We've heard it all before - for decades in fact. After every big corporate failure, fraud or scandal, up goes the cry: where were the auditors? The latest angst - of course - concerns the collapse of Carillion.
MPs last week lambasted auditor KPMG and, more broadly, slammed the audit market as a "cosy club incapable of providing the degree of independent challenge needed".
Policymakers want the competition watchdog to look again at whether the Big Four firms - KPMG, EY, PWC and Deloitte, which audit 99% of the FTSE 100 and 96% of the 250 index - should be broken up.
And to consider whether arms doing audit work should be separated from those carrying out other consultancy or professional services.
What's interesting about this latest round of soul-searching is that the audit firms appear to be active participants.
So much so, in fact, that Newsnight has been told that the industry is on the hunt for a big name to lead an independent review of the market.
The brief, though, wouldn't be to look at how the market should be structured, or how firms should manage conflicts of interest.
Instead, the sector is chewing over a more fundamental question: what should audit actually be?
This shift is important. In the world of audit, it's radical stuff.
Traditionally, auditors saw themselves as offering assurance, predominantly to shareholders, that the accounts presented a "true and fair" view of the company's position.
But that doesn't necessarily mean the same thing to the profession as it does to the public, politicians, employees and customers who end up judging the results in a case like Carillion.
For many years, criticism of the audit industry was met with two arguments. First, that those berating the sector just didn't understand audit. And second, that any proposed changes risked imperilling audit quality with unspecified but terrible consequences.
These were rolled out to counter reforms proposed by the last competition inquiry into the sector in 2013 - and against European Union audit reforms, which included mandatory rotation of audit firm for public companies and limits on non-audit work.
Past victories in resisting change perhaps feel rather pyrrhic, given where the sector now finds itself.
If audit is seen as the last line of defence against fraud or as an important arbiter on a company's likely long-term health, it is time to tackle those expectations head on.
Fix and break up?
It's clear that previous attempts to shake up the market simply haven't worked.
The Big Four have become even more dominant in the business of auditing large, listed companies.
Hopes that other firms would break into that elite club have proved unfounded.
Grant Thornton - which ranks fifth by fee income and with more than 4,500 people in the UK is hardly a minnow - this year it said it would stop bidding for new audit contracts.
And while the growth in non-audit fees from audit clients has slowed (and some in the industry would be happy with an outright ban on this work), the importance of lucrative non-audit work to the firms as a whole has only grown.
It is natural to seize on the idea of break-ups of the biggest firms as a remedy: it's a concrete solution that satisfies the clamouring that something must be done.
The trouble is it isn't clear it would work - at least not on its own.

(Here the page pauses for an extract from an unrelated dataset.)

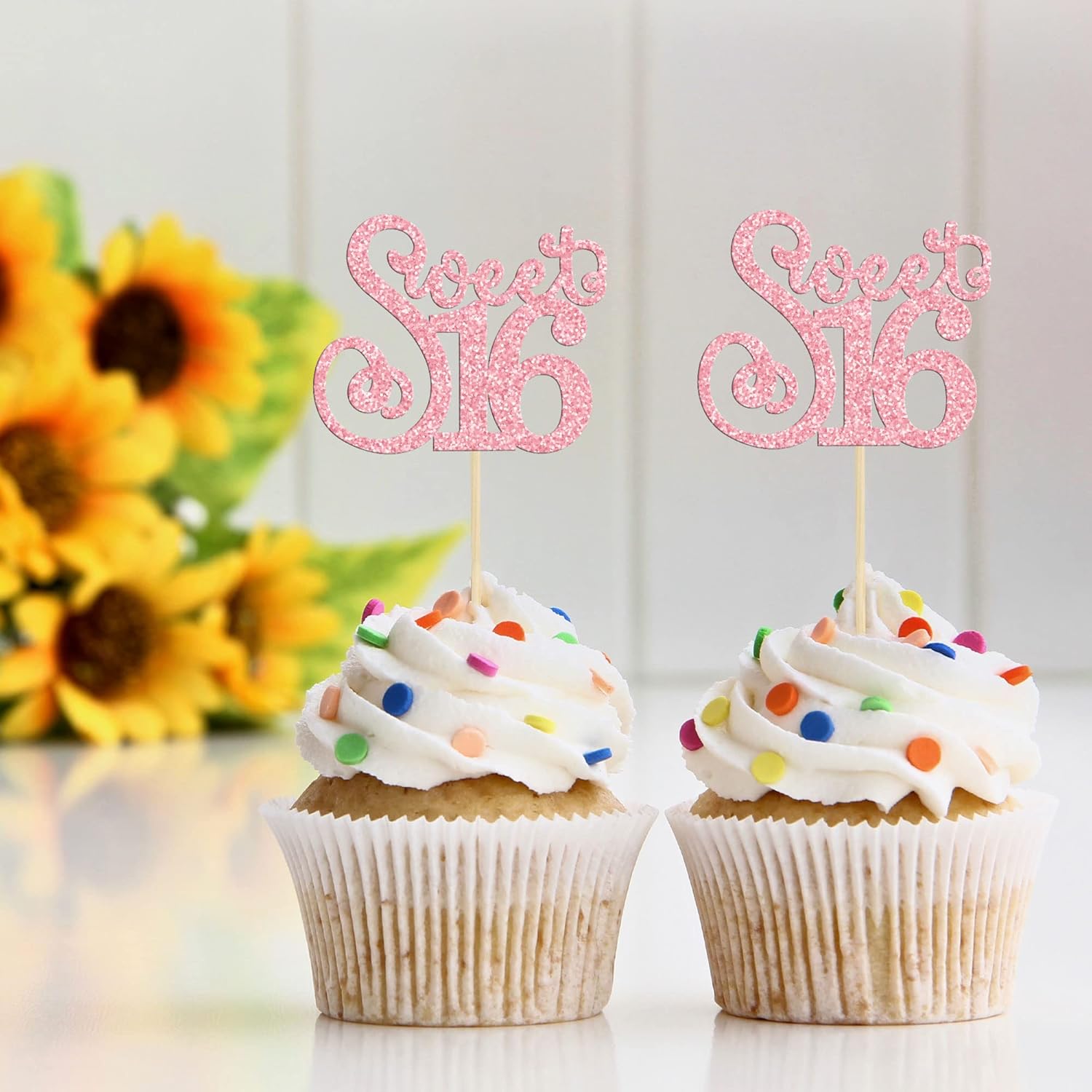 - 💕💕These Sweet 16 Cupcake Toppers are so cute and good for 16th birthday theme party, 16th anniversary theme party, 16 fabulous theme party cupcake decorations. They can make your cupcake more attractive and bring the fun to your party. You can also apply them for ice cream, fruits, cookies and other desserts.

Would a smaller firm, with more competitors, really be more minded to challenge a big client on questionable numbers or assumptions?
Would smaller, audit-only UK firms mean higher-quality vetting of the big, multinational companies that make up the FTSE 100?
And would changing the market's structure make it less likely that the public, investors and politicians end up feeling short-changed come the next corporate car crash?
Other measures - like requiring joint audits, implementing market share caps, rethinking fees, looking at more regular tendering, or incentivising new entrants - would also be worth considering.
Largely dismissed in the past, industry sources say that now everything is on the table.
Opening up the audit process is also certainly merited: Despite some progress, shareholders often get little decent insight into a process that is supposedly done for their benefit.
What is audit again?
But none of this helps if auditors' view of what their job entails doesn't match the public perception of what they're meant to be doing.
Hence the industry's desire for a credible big hitter to look at just that.
This is part overdue evolution and part self-preservation. And it comes as technology opens up the scope of what an audit can feasibly check and investigate.
After years of telling its critics they don't understand audit, the profession appears to be having second thoughts: perhaps, after all, they were the ones that misunderstood.